Stuttgart (dpa/lk) – Bilder des Kriegs in der Ukraine sind derzeit überall zu sehen. Das Thema wird auch in den Schulen diskutiert. Kinder und Jugendliche sollen sich eine Meinung bilden, aber sollten sie auch auf die Schule verzichten dürfen, um für den Frieden zu demonstrieren?
In Niedersachsen dürfen Kinder und Jugendliche während der Schulzeit an Demonstrationen gegen den Ukraine-Krieg teilnehmen, in Baden-Württemberg hingegen soll das auch weiterhin nicht genehmigt werden. Es sei wichtig, den Einsatz für die Demokratie und Menschenrechte nicht gegen die Schule und die Schulpflicht auszuspielen, sagte Baden-Württembergs Kultusministerin Theresa Schopper. Sie halte es für sinnvoll, dies zu verbinden – als Teil des Unterrichts. „Und für Demonstrationsbesuche gibt es auch außerhalb der Schulzeit genügend Möglichkeiten – zumal Demonstrationen in der Regel auch eher abends oder am Wochenende stattfinden“, sagte die Grünen-Politikerin. Zuvor hatte die „Südwestpresse“ darüber berichtet.
Der Demokratiebildung komme an Schulen eine sehr bedeutende Rolle zu, sagte Schopper auf Anfrage weiter. „Schulen sind als zentrale Orte des Kompetenzerwerbs von Kindern und Jugendlichen daher gefordert, die Demokratiebildung in den Fokus zu rücken.“ Dies gelte angesichts des Krieges in der Ukraine aktuell noch mehr. Deshalb sollten Aspekte des Krieges verstärkt im Unterricht thematisiert werden. Einige Schulen bänden Fachleute in den Unterricht ein und diskutierten mit den Schülern.
Der niedersächsische Kultusminister Grant Hendrik Tonne (SPD) hatte die Schulen seines Bundeslandes zuvor gebeten, die Teilnahme von Schülerinnen und Schülern an Demonstrationen zu genehmigen. Wenn für die Schulen die Teilnahme nachvollziehbar und glaubhaft erscheine, könne auf unentschuldigtes Fehlen verzichtet werden. Vor dem Hintergrund des Krieges in der Ukraine unterstütze er es ausdrücklich, wenn Schüler ein Zeichen setzen wollten und an Demonstrationen teilnähmen oder diese organisierten. Solch historische Umstände rechtfertigten und erforderten, von gewohnten Handhabungen abweichen zu können.
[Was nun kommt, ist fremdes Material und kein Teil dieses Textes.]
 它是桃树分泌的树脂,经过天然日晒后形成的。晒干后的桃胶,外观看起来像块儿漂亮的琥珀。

Unterstützung bekommt Schopper bei ihrer Haltung von den Eltern: „Guter Unterricht bezieht immer aktuelle, bewegende Aspekte mit in das Unterrichtsgeschehen ein. Dadurch wird Unterricht nicht nur zum Pauken, sondern auch interessant“, sagte Michael Mittelstaedt, der Vorsitzende des Landeselternbeirats, der dpa. „Demonstrieren ohne sich wirklich fachlich mit etwas auseinandergesetzt zu haben ist Zeitverschwendung, zumal die Kids doch wegen Corona eh schon viel zu viel Unterricht verpasst haben.“ Es sei besser, aktiv mit dem Thema zu arbeiten.
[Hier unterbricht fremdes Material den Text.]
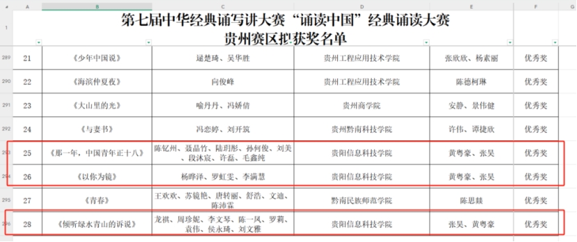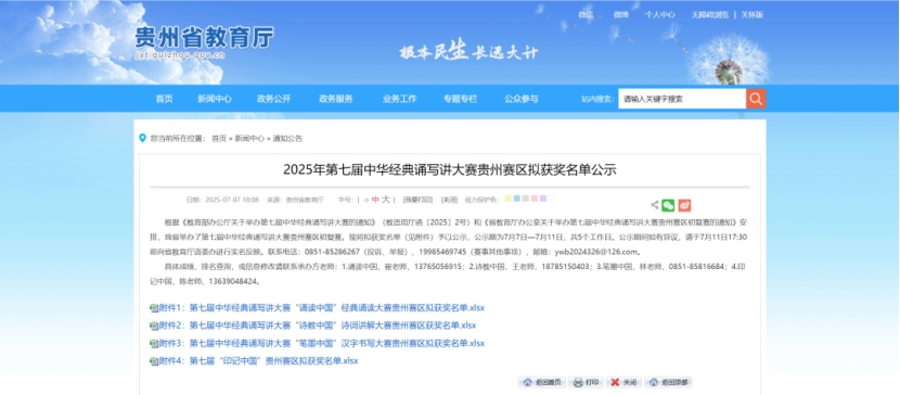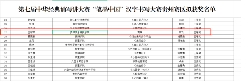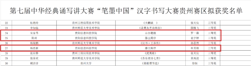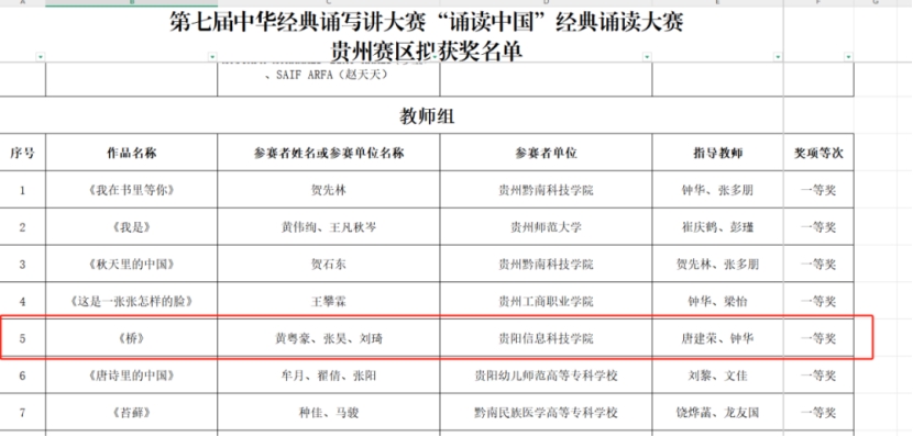 近日,贵州省第七届中华经典诵写讲大赛评审结果正式公布,pp电子师生凭借扎实的专业素养与创新精神,在多个项目中脱颖而出,斩获佳绩,为学校荣誉榜再添光彩!

Ähnlich sieht das der Verband Bildung und Erziehung. Dessen Landesvorsitzender Gerhard Brand hält Demonstrationen gegen den Angriffskrieg auf die Ukraine zwar für richtig und wichtig. „Gleichzeitig müssen wir sehen, dass in den letzten zwei Jahren Corona-bedingt sehr viel Unterricht ausgefallen ist. Jetzt kann der Unterricht wieder stattfinden und nun sollten wir dieses hohe Gut auch wieder wahrnehmen.“ Demonstrationen könnten auch am Nachmittag oder am Wochenende stattfinden, das müsse nicht während der Unterrichtszeit sein.
Einen Bedarf für eine Entscheidung sieht die Gewerkschaft Erziehung und Bildung derzeit nicht. Die Frage stelle sich bisher nicht, weil vor allem abends und am Wochenende gegen den Krieg protestiert werde, sagte die GEW-Landesvorsitzende Monika Stein. Es sei aber wichtig, dass Themen wie Menschenrechte, Demokratiebildung und Friedenserziehung in diesen Tagen in jedem Klassenzimmer auf der Tagesordnung ständen. „Gut, dass diese Themen auch in den Bildungsplänen verankert sind und Kinder und Jugendliche in Kitas und Schulen einen Ort zum Austausch haben, auch über ihre Sorgen und Ängste durch den nahen Krieg in der Ukraine“, sagte Stein der dpa.